◆ What you should do
Give again, word for word, every line in the entries below from the line with "记者来到三楼的钟薛高总部看到" up to and including the line with "手のひらに大豆大ほどの量(約", and no other line.

◆ Data supplied
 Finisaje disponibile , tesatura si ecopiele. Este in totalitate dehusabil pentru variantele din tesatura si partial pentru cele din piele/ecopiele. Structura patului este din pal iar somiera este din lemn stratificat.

---

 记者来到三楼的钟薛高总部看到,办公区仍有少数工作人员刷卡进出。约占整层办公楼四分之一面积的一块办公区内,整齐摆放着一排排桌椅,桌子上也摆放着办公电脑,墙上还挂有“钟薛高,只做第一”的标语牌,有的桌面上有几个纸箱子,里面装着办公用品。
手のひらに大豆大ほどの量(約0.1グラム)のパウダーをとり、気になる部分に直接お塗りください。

...

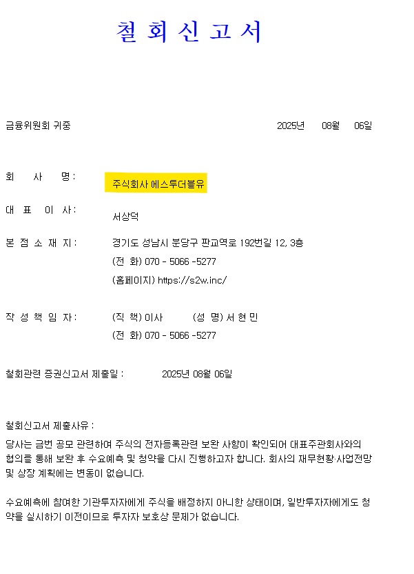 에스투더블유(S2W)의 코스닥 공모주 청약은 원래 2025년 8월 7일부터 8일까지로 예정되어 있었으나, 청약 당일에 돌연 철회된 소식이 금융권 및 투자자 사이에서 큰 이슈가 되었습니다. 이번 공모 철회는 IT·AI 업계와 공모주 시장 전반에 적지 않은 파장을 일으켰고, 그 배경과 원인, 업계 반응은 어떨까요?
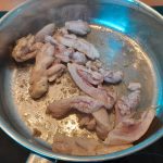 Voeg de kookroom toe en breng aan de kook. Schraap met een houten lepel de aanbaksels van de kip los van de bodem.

◆ Answer space
 记者来到三楼的钟薛高总部看到,办公区仍有少数工作人员刷卡进出。约占整层办公楼四分之一面积的一块办公区内,整齐摆放着一排排桌椅,桌子上也摆放着办公电脑,墙上还挂有“钟薛高,只做第一”的标语牌,有的桌面上有几个纸箱子,里面装着办公用品。
手のひらに大豆大ほどの量(約0.1グラム)のパウダーをとり、気になる部分に直接お塗りください。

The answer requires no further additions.